Sejarah Perkembangan Gaharu

Pertanianku – Indonesia terkenal sebagai negara pemilik hutan hujan tropis yang didukung oleh letak geografis, iklim, musim, serta masa penyinaran matahari relatif panjang. Secara biologis, kondisi yang demikian dapat menghasilkan peluang untuk terbentuknya keragaman potensi sumber daya jenis tumbuhan yang tinggi. Dalam kawasan hutan, akan dijumpai antara 30.000—40.000 jenis tumbuhan penghasil kayu serta belum terhitung potensi tumbuhan hasil hutan bukan kayu (HHBK). Semuanya memiliki manfaat sebagai sumber bahan makanan, industri, serta tumbuhan penghasil obat herbal. Salah satu kelompok jenis tumbuhan HHBK yang telah diketahui dan menjadi salah satu sumber kehidupan masyarakat yang potensial dan memiliki nilai komersial tinggi adalah gaharu.

Sejarah Perkembangan Gaharu

Di Indonesia, gaharu mulai dikenal masyarakat sekitar tahun 1200. Hal itu ditunjukkan oleh adanya perdagangan tukarmenukar (barter) antara masyarakat Sumatera Selatan dan Kalimantan Barat dengan pedagang dari daratan Cina, Kwang Tung. Nilai guna gaharu semula hanya terbatas sebagai bahan pengharum tubuh dan ruangan dengan cara dibakar (fumigasi) serta sebagai pelengkap pada upacara ritual keagamaan masyarakat Hindu dan Islam. Seiring perkembangan peradaban masyarakat, ilmu pengetahuan kimia dan teknologi industri yang didukung dengan perubahan paradigma dunia kedokteran dan pengobatan, kini gaharu bukan hanya dibutuhkan bahan baku industri wewangian (parfum) dan kosmetika. Gaharu juga dibutuhkan sebagai bahan industri obat herbal untuk pengobatan stres, asma, reumatik, radang lambung dan ginjal, antibiotik TBC, liver, tumor dan kanker.

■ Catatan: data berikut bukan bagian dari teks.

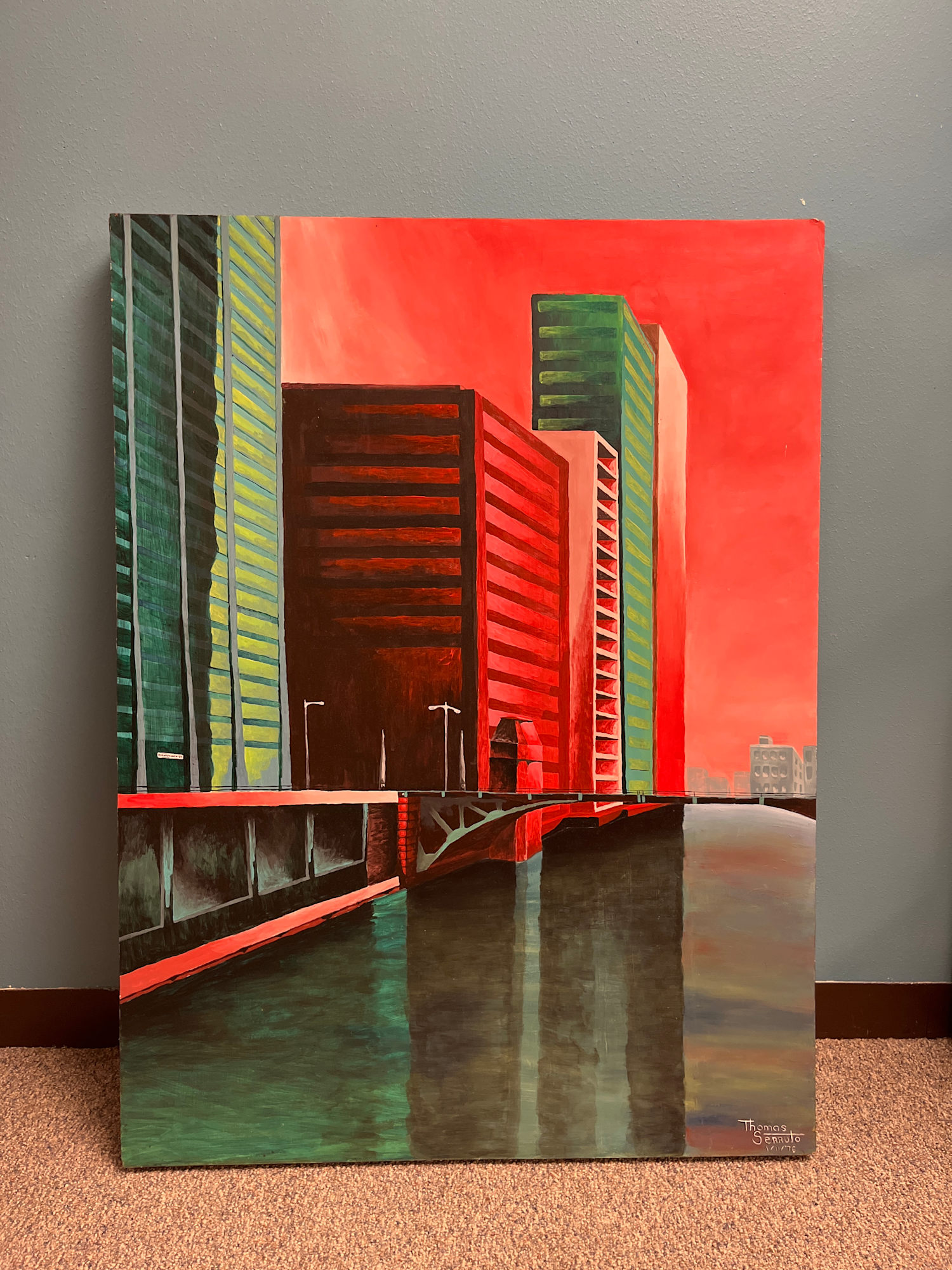 Downtown Chicago Scene on Chicago River in vivid reds & greens.

Pada umumnya, gaharu diperoleh dengan cara memungut gumpalan atau serpihan kayu dari pohon yang telah mati secara alami. Jumlahnya di alam yang terbatas tidak seimbang dengan permintaan pasarnya yang tinggi. Bahkan, harga jualnya pun cukup tinggi. Alasan tersebut membuat banyak pihak melakukanperburuan gaharu dengan cara menebang pohon hidup secara liar. Pola tersebut mengundang komisi CITES (Convention on International in Trade Endangered of Wild Fauna and Flora Species) untuk menyelamatkan sumber daya pohon penghasil gaharu. Sejak tahun 2004, dua genus tumbuhan penghasil gaharu, yaitu Aquilaria spp. dan Gyrinops sp. masuk kelompok Apendix II CITES.

Oleh karena itu, tantangan dan peluang untuk melakukan bisnis gaharu menjadi sangat tinggi. Sejalan dengan konservasi sumber daya dan membina kelestarian produksi yang mampu menjawab peluang pasar, budi daya pohon penghasil gaharu berkualitas dan bernilai komersial tinggi menjadi solusi yang harus dilakukan dan diharapkan dapat menjadi sumber pendapatan masyarakat serta devisa bagi negara.

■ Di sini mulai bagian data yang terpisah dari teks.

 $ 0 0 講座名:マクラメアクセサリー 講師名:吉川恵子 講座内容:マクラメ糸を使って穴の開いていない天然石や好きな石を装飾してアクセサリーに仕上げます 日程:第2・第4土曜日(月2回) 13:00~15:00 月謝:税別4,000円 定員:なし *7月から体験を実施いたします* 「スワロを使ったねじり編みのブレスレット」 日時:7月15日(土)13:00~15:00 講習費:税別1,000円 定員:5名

Dengan dipelajari dan diketahuinya proses dan mekanisme pembentukan gaharu alami, memungkinkan dapat dilakukan produksi gaharu secara buatan. Penyakit yang teruji dominan sebagai pembentuk gaharu, secara laboratoris dapat dikembangkan menjadi inokulan. Masuknya penyakit ke dalam tubuh batang dapat direkayasa melalui teknik pengeboran batang dan infeksi penyakit yang dapat dilakukan dengan teknik induksi inokulan (inokulasi) melalui lubang-lubang bor yang dibuat pada satuan batang pohon.